Nvidia's Tegra X1 should supposedly be capable of <10ms for imagenet grade models . It's fair to assume though, that this must be for trimmed down and/or 16bit models as compared to full inception models.
And finally, Sam who also facilitated building TF on the Pi is about to host a 6 weeks half theory, half practice course on TF and deep learning  (me thinks he deserves this plug).
https://petewarden.com/2014/08/07/how-to-optimize-raspberry-... (example involves deep learning!)
https://www.raspberrypi.org/forums/viewtopic.php?f=29&t=7891... (someone actually tried making an LLVM backend!)
I really doubt someone integrated that into TensorFlow…

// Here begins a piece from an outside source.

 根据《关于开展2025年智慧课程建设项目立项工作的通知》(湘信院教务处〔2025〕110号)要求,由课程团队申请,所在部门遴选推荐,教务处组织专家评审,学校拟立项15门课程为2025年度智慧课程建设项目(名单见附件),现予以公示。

> it was not feasible to analyze every image captured image from the PiCamera using TensorFlow, due to overheating of the Raspberry Pi when 100% of the CPU was being utilized
Just put a heatsink on the CPU. It's like $1.50 ... $1.95 on Adafruit. I glue a heatsink to every RPi3 unit I build.
> it was taking too long to load the 85 MB model into memory, therefore I needed to load the classifier graph to memory
Yeah, one of the first things you learn with TF on the RPi is to daemonize it, load everything you can initially, and then just process everything in a loop. That initialization is super-slow, but after that it's fast enough. YMMV
Even with the heatsink (which we install on all of the Pis), we were still having overheating issues. We tried a few other things too to mitigate the problem:
1. Reducing sampling rate for the image recognition (but if we reduced this beneath several seconds we could miss the express trains)

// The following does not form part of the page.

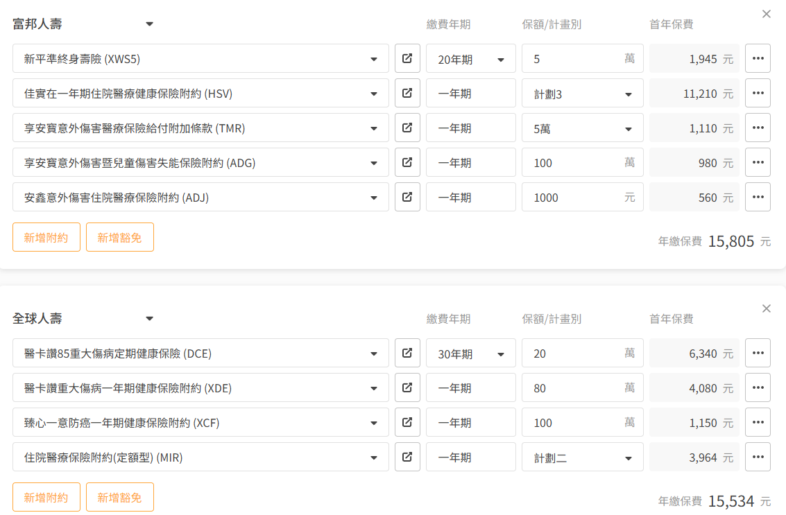 📎 點我看完整方案範例 →37歲男生 | 新光 & 全球 組合方案

2. Using a cooling fan (https://www.amazon.com/gp/product/B013E1OW4G/ref=oh_aui_sear...) - still didn't prevent overheating if the CPU was continuously loaded at 100%.
3. Only sampling images where we detected motion (https://svds.com/streaming-video-analysis-python/)
We decided to use the 3rd option: Leveraging our motion detection algorithm, which while sensitive to false positives, allows us to use Deep Learning image recognition to eliminate those false positives.
Happy to chat more about your experiences daemonize-ing TF applications!
Are you seeing anything happen, other than some slight throttling?
The chip cannot fry itself. It's designed to slow down so as to stay below the dangerous temperature range.
> Happy to chat more about your experiences daemonize-ing TF applications!
Eh, that was just a fancy way of saying I do what you do. Launch the program once, and let it run forever. It performs initialization (which takes a long time), then it drops into a processing loop: wait for input / read / process / do something / repeat. Pretty basic stuff really.
Ever had any problems without it?
Either that or it was meant for outdoors operation in arctic regions.
EDIT: I guess the question should be: is there a RPi-like sized machine available which is more suitable for training ANN?
I imagine a proliferation of robots, security cameras and smart open source siri/alexas
On the Pi3, our application processes 320X240 images at 10 FPS without any problems.
Let me know if you have any questions!